* **REQUIRED ACTION**
After locating the line containing "Dvojité steny pre" in the entries below, please write out that line and the rest through the end exactly. Omit pictures.

* **DATASET ENTRIES**
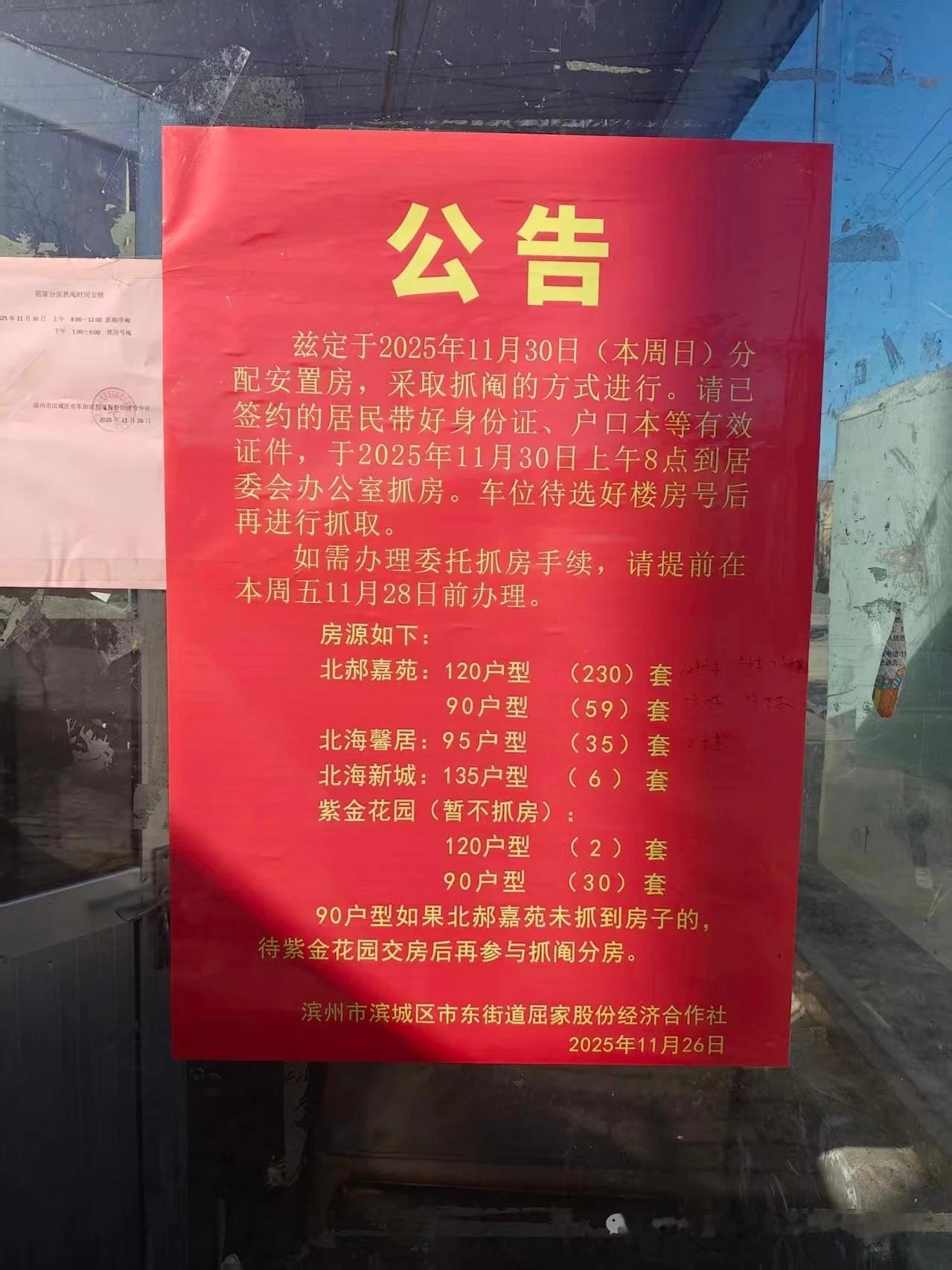 滨州一城中村开始抓阄选房 2025年11月30日,山东滨州滨城区市东街道屈家村启动搬迁安置抓阄选房,上午抽号、下午选房,部分村民分享选房经历,仍有少数村民未同意选房;此前11月26日该村已张贴公告,明确以抓阄方式分配安置房。 今年10月该村张贴改造补偿安置方案征求意见稿,搬迁范围为屈家老村盘房屋及附属物,安置于北郝嘉苑等4个高层小区,户型涵盖90-135㎡,均为现房或待交房,车位及储藏室多需自费,安置用地为国有出让土地。 屈家村与湾东赵、后刘村紧邻南侧化工厂,村委呼吁此次拆迁是解决村集体问题的重要机遇,错过则后续改造难度极大。 据地名志记载: 该村曾名前刘,明初刘氏迁此建村,清初屈氏迁入后易名,现居屈、刘两姓。 来源 看滨州
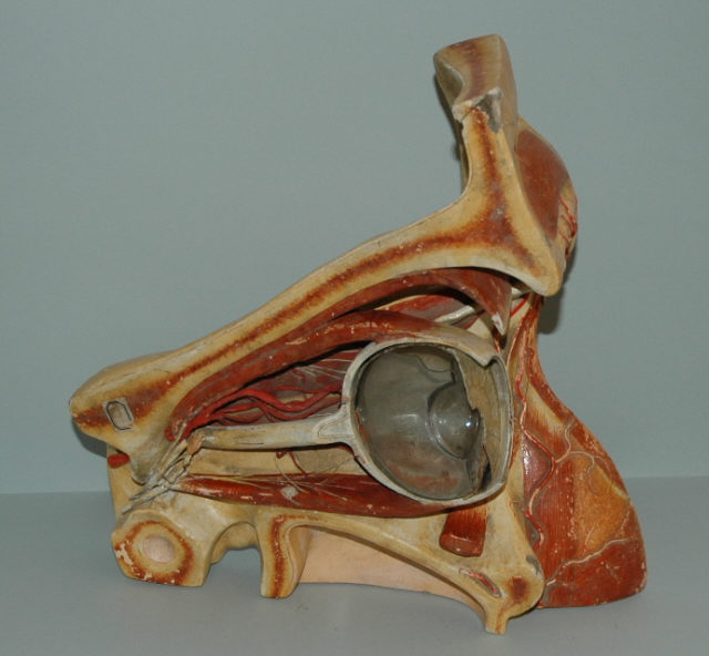 Modelo anatómico do olho humano em corte, permitindo ver a constituição interna deste orgão. Este modelo era utilizado para estudo e observação nas aulas de Ciências Naturais.
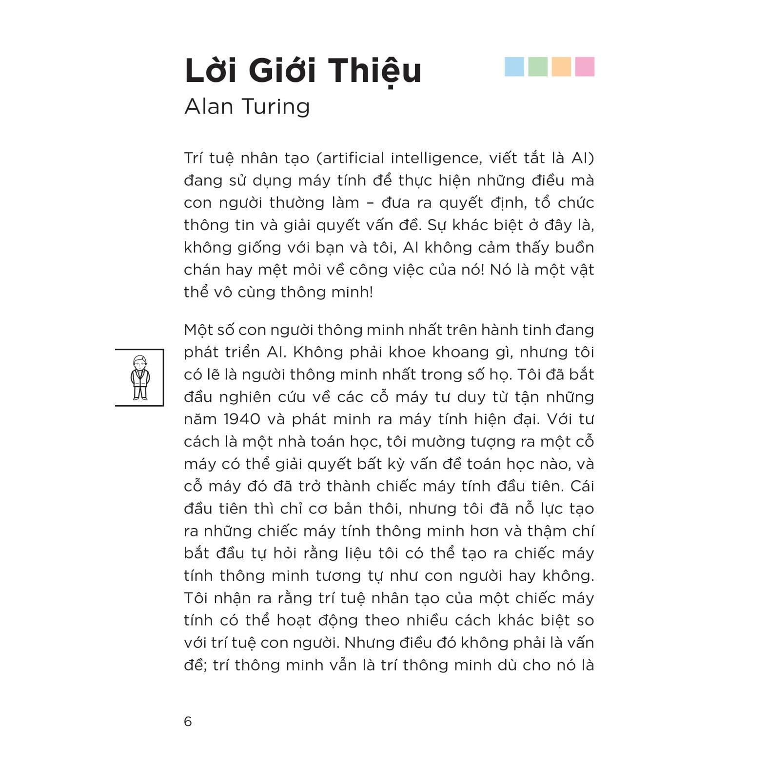 Cuốn sách này sẽ đưa các bạn vào một cuộc hành trình đầy thú vị, gặp gỡ những trí tuệ nhân tạo (AI) thông minh nhất, từ những cỗ máy cổ xưa đến những siêu máy tính hiện đại. Khám phá cách mà AI hoạt động, làm thế nào chúng giúp chúng ta giải quyết những vấn đề phức tạp và thậm chí còn có cơ hội tưởng tượng mình là một AI. Với cách kể chuyện đơn giản, dễ hiểu và những hình ảnh sinh động, “Trí tuệ nhân tạo – Khi máy tính trở nên thông minh” giúp bạn hiểu rõ hơn về AI và những ứng dụng tuyệt vời của nó trong cuộc sống.
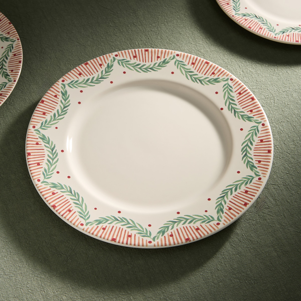 Plato llano decorado con un motivo navideño, perfecto para las ocasiones especiales.
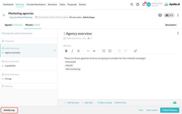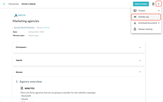 In the meeting activity log you can see who carried out any changes, at any time. Open a meeting and click on the symbol with the three dots in the top-right corner, then select "Activity log":
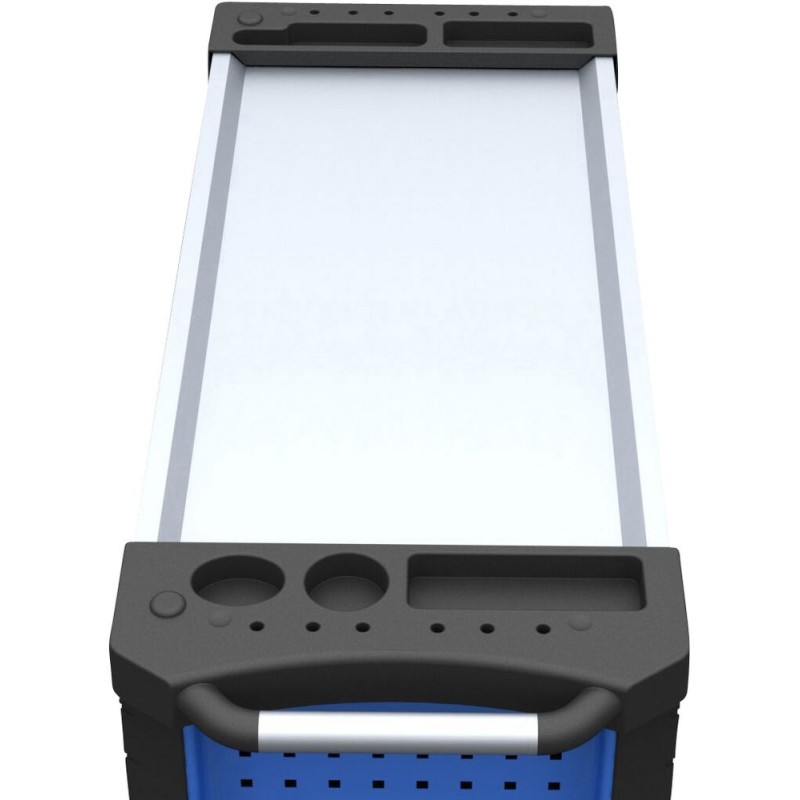Dvojité steny pre väčšiu stabilitu, vysúvateľné zásuvky na guľôčkových ložiskách s uzamykateľným vertikálnym vysúvaním. Povrch z nehrdzavejúcej ocele, normované perforované steny, ochrana rohov proti nárazom, konštrukcia ošetrená práškovou farbou. Centrálne zamykanie zásuviek, zabezpečenie každej zásuvky proti nechcenému zatvoreniu, s možnosťou popisu. Dva otočné kolieska s brzdou, oceľová rukoväť.
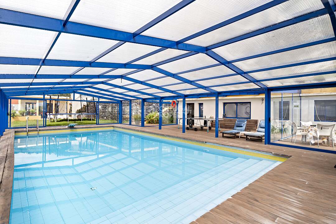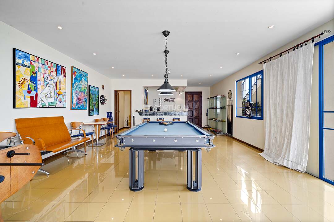 Between the main house and the short-term rental properties, there is a barbecue, a food/leisure area, kitchens/bars, bathrooms, a swimming pool, a kids area, a snooker and ping pong area, a reading/library area, a solarium, and a leisure area in general.

* **RESULT OF THIS TASK**
Dvojité steny pre väčšiu stabilitu, vysúvateľné zásuvky na guľôčkových ložiskách s uzamykateľným vertikálnym vysúvaním. Povrch z nehrdzavejúcej ocele, normované perforované steny, ochrana rohov proti nárazom, konštrukcia ošetrená práškovou farbou. Centrálne zamykanie zásuviek, zabezpečenie každej zásuvky proti nechcenému zatvoreniu, s možnosťou popisu. Dva otočné kolieska s brzdou, oceľová rukoväť.
 Between the main house and the short-term rental properties, there is a barbecue, a food/leisure area, kitchens/bars, bathrooms, a swimming pool, a kids area, a snooker and ping pong area, a reading/library area, a solarium, and a leisure area in general.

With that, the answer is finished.